Journal Entry: Sun Apr 15, 2007, 2:20 PM
Voici un extrait qui a paru dans le ellequebec

Histoire de culte

Pendant deux millénaires de vision dichotomique, l’être humain s’est divisé en corps-esprit, psychique-physique, et surtout âme-chair. Sans compter tous les préjugés judéo-chrétiens qui lui sont inhérents. Aujourd’hui, l’émotion n’est plus considérée comme un parasite mais comme une alliée. Du côté des psychologues, tous parviennent à cette conclusion unanime : au même titre que les calories alimentaires, nous avons besoin pour survivre de ces vitamines psychologiques que sont les contacts physiques avec les autres.

Mais d’où vient donc cette phobie de l’effleurement qui nous a hantés pendant près de deux mille ans ? Tout interdit signale un danger, et c’est à cause de sa connotation sexuelle que le tabou du toucher existe. Afin de protéger de la montée de la libido, il nous oblige à renoncer d’emblée à tout échange épidermique. Selon Didier Anzieu, psychologue, cette croyance populaire aurait été renforcée par les théologiens et leur interprétation d’un passage des Évangiles. Dans son livre Le moi peau (Éd. Dunot), l’auteur révèle en effet une perception erronée d’un épisode du Nouveau Testament qui met en scène Jésus et une prostituée. La pécheresse se présente à un banquet pour remercier Jésus de 1’avoir guérie de la lèpre. Elle couvre alors les pieds du Messie de larmes et de baisers sous les yeux ébahis d’une assemblée scandalisée. Imaginez l’étonnement général, le fils de Dieu se laisse toucher par une fille de mauvaise vie. Le principal concerné rétorque que cette humble pécheresse l’honore en lui démontrant autant d’amour. Cette raison, selon lui, est suffisante pour inciter au pardon des péchés, même les plus graves. Réaction des convives : serait-il tombé dans le piège de la séduction sexuelle tendu par cette femme ?

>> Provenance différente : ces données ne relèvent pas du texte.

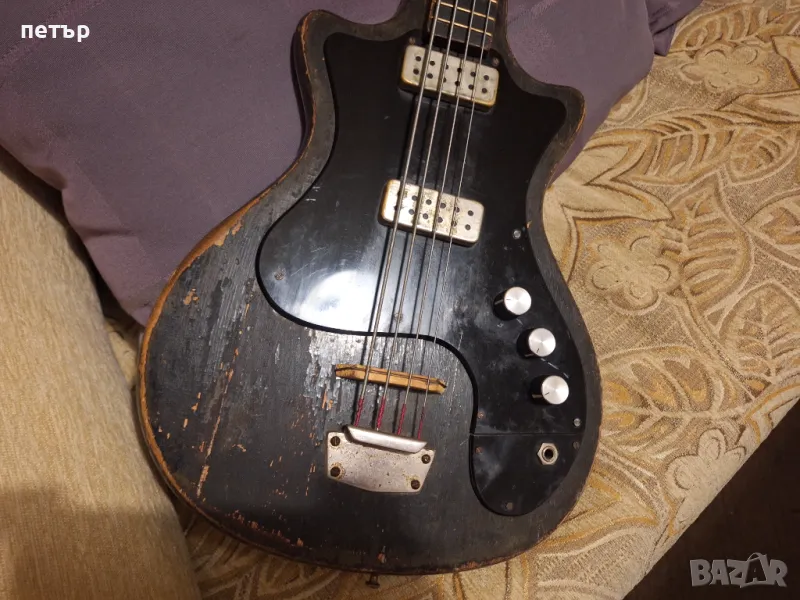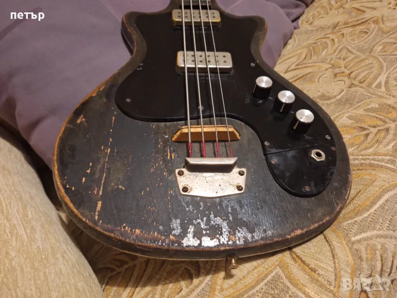 Китарата е в лошо състояние. Иска реставрация.Грифа е прав и здраво тяло.Работеща електроника.Рядък модел за колекция. Лично предаване.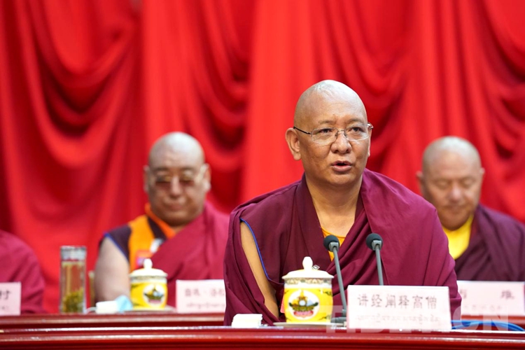 區(qū)黨委常委、統(tǒng)戰(zhàn)部部長,區(qū)政協(xié)黨組副書記、副主席旦科代表西藏自治區(qū)黨委、政府在會上講話時說,2016年以來,中國佛教協(xié)會西藏分會按照中央的部署和區(qū)黨委的要求,每年都舉辦藏傳佛教講經闡釋交流會,對藏傳佛教經典和教義教規(guī)作出符合時代進步、社會發(fā)展、信眾需要的理論闡釋,并面向信眾進行宣講,取得了重要成果,產生了廣泛的影響,積累了寶貴經驗,藏傳佛教中國化邁出了實質性步伐。全區(qū)藏傳佛教界代表人士自覺以習近平新時代中國特色社會主義思想和社會主義核心價值觀為引領,弘揚中華優(yōu)秀傳統(tǒng)文化,對藏傳佛教教義教規(guī)作出時代化、大眾化的新闡釋,展示了深厚的宗教造詣、愛黨愛國愛人民領袖的真摯情懷和走中國特色社會主義道路的堅定決心。

En fait, ce passage n’est pas le seul à semer le doute. Anzieu poursuit son analyse en examinant deux épisodes où deux femmes bénéficient de la guérison par le toucher. La première, atteinte de possession, est libérée de ses démons par imposition des mains du Sauveur. (Tiens, le toucher révélerait donc la présence de démons intérieurs ?) Et la deuxième, en l’honneur de la résurrection de son frère, oint les pieds et les cheveux du Messie d’un parfum coûteux et en imprègne son propre corps pour préparer sa résurrection (pratique qualifiée d’autoérotique). L’interdit du toucher serait-il donc plus spécifique aux civilisations chrétiennes qu’aux autres ? Ces trois intervenantes bibliques portaient un nom qui ressemble à Marie-Madeleine. De là à les confondre toutes les trois, il n’y a qu’un pas, et c’est comme ça, en mélangeant les cartes sans discernement, qu’on en arrive à les assimiler à la prostituée. D’où la propagation fulgurante d’une grossière erreur : le toucher a nécessairement une connotation sexuelle. C’est une explication.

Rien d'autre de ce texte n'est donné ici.